Sentencing must remain free from political interference

Shabana Mahmood’s proposed veto over sentencing guidelines risks undermining judicial independence and politicising criminal justice
For over fifteen years, the Sentencing Council, made up of veterans from across the Criminal Justice System, has issued sentencing guidelines to our criminal courts, independently of politics. Two weeks ago, in what would become the last days of her tenure as Justice Secretary, Shabana Mahmood announced plans for politicians to oversee all sentencing guidelines before they are issued to courts, giving a power of veto to both the Lady Chief Justice and the Justice Secretary.
A sentencing guideline exists for most criminal offences and the Council publishes more widely applicable guidelines to assist courts sentencing particular types of offenders, such as youths and those with mental or developmental disorders. Using the guideline for a specific offence, the court assesses the culpability of the offender and the harm caused to their victim and wider society, which gives a starting point for sentencing and a sentencing range. Within that range, the court then considers the aggravating and mitigating factors (a non-exhaustive list of which is provided in the guideline) to arrive at the appropriate sentence.
Over a decade of prosecuting and defending in the criminal courts, I have found these guidelines very useful in shaping my submissions, negotiating acceptable bases of pleas, advising clients and determining when to appeal. They are, for the most part, logical and easy to digest. They focus the parties’ minds on the factors that determine the length and type of sentence, and provide a helpful checklist of considerations which reduce omissions that lead to injustice. They are straightforward enough to show to most clients, demystifying the law and starting the rehabilitative process for those who have either pleaded guilty or been convicted at trial. Perhaps nothing can achieve the panacea of consistency and predictability in sentencing, but the sentencing guidelines bring us closer.
Yet the guidelines are flexible, with overlap between the categories of offending and the inherent latitude in a sentencing range. Further, a judge may disapply the relevant guideline if it would be contrary to the interests of justice to follow it. In my experience, it is rarely necessary to request a judge depart from the guideline (and rarer still for a judge to do so).
Whilst there is an argument for greater diversity on the Sentencing Council, its current members have spent their lives working in different roles within the Criminal Justice System. Consequently, the Council has vast and varied experience of the causal factors and implications of offending, of how sentences impact defendants and their loved ones, and of what justice looks like for victims of crime. Such an independent body is better placed to determine fair and appropriate sentencing guidance than politicians.

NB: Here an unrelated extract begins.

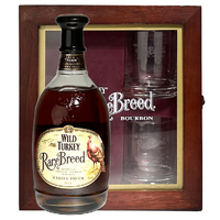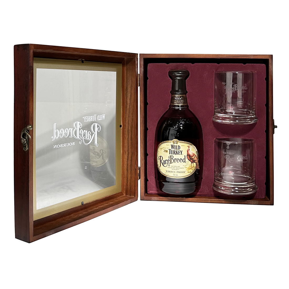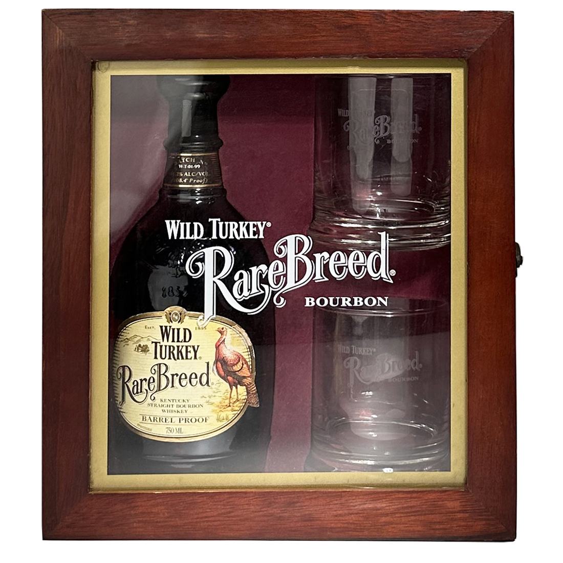 This is Batch W-T-01-99, bottled at a barrel proof of 108.4 and released in 1999. Comes in a wooden gift box with 2 whisky/bourbon glasses. The glasses are engraved with ‘Wild Turkey Rare Breed Bourbon’.

By giving the Lady Chief Justice a veto, Ms Mahmood was able to paint the move as affording “greater democratic and judicial oversight of the Council’s work,” paying lip-service to the constitutionally fundamental separation of powers. However, the LCJ is appointed by the Crown on the advice of the Prime Minister, so arguably both vetoes ultimately reside with the governing party.

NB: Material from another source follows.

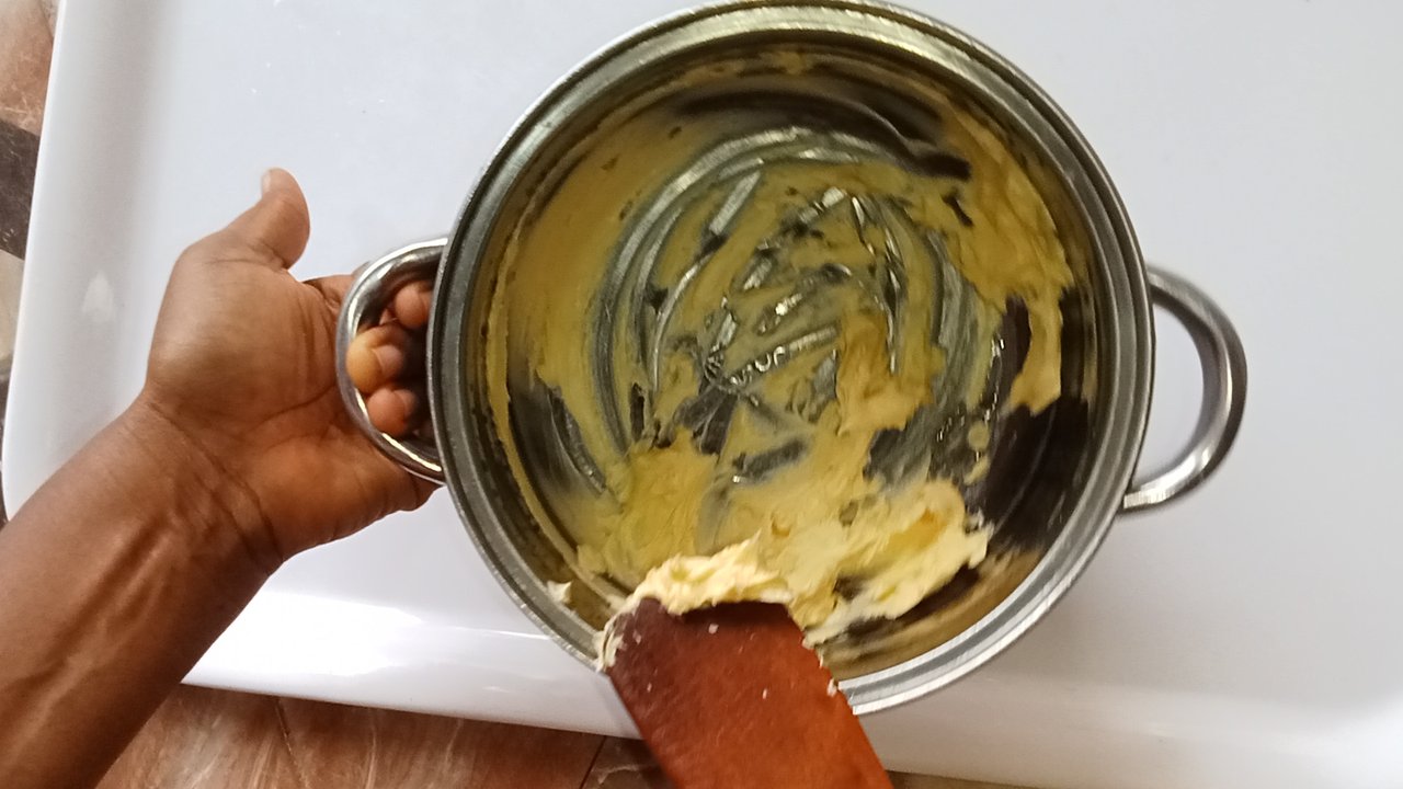 In a clean dry bowl, poured the desirable quantity of butter and beat for few minutes.

“Policy must be set by parliamentarians, who answer to the people,” Ms Mahmood declared. It is hard to argue with that, but this move goes further than setting policy. Parliament already has the legislative power to set minimum and maximum custodial terms - these are spelled out in each sentencing guideline. The government now seeks to control what was always the domain of the judiciary: how the factual nuances of a case and the circumstances of the offender influence their sentence within the parameters set by Parliament. Those nuances are best determined by the sentencing judge, applying the guidance of an independent expert body like the Sentencing Council.
Politicians lack the collective expertise or the neutrality of the Sentencing Council to determine what considerations should influence a defendant’s sentence. Punishment is but one objective of sentencing, and yet it is likely to be the main focus of politicians hungry for popular support. Of course, punishment and deterrence are key functions of the Criminal Justice System, but rehabilitation of offenders is arguably its most important role - what better way to prevent crime and protect the public than to support offenders to avoid reoffending? Unfortunately, this long-sighted approach is not a vote-winner, which is why sentencing must remain as removed from politics as possible. The punitive element of sentencing can be achieved without political oversight which may compromise the independence of the Sentencing Council.
There are other stakeholders in the Criminal Justice System apart from the obvious victims of crime, not least the offender themselves and their loved ones, but such marginalised individuals are unlikely to garner political sympathy. It is only by working in the Criminal Justice System, coming face to face with the ordinary people encountering it, that an appreciation is gained that offenders are just that – ordinary people often left behind by a society keen to write them off as ‘criminals.’
Everyone wants a harsher justice system until they find themselves in need of its mercy. That is why the politicisation of the sentencing process should cause great concern for all. Neither a judge nor the Sentencing Council is directly incentivised as politicians are to demonstrate a ‘tough on crime’ stance. With our packed prisons not fit for purpose, it is dangerously ill-advised to incrementally increase sentences by limiting the freedom of courts to consider a wide range of factors relevant to the offender in reaching a just sentence.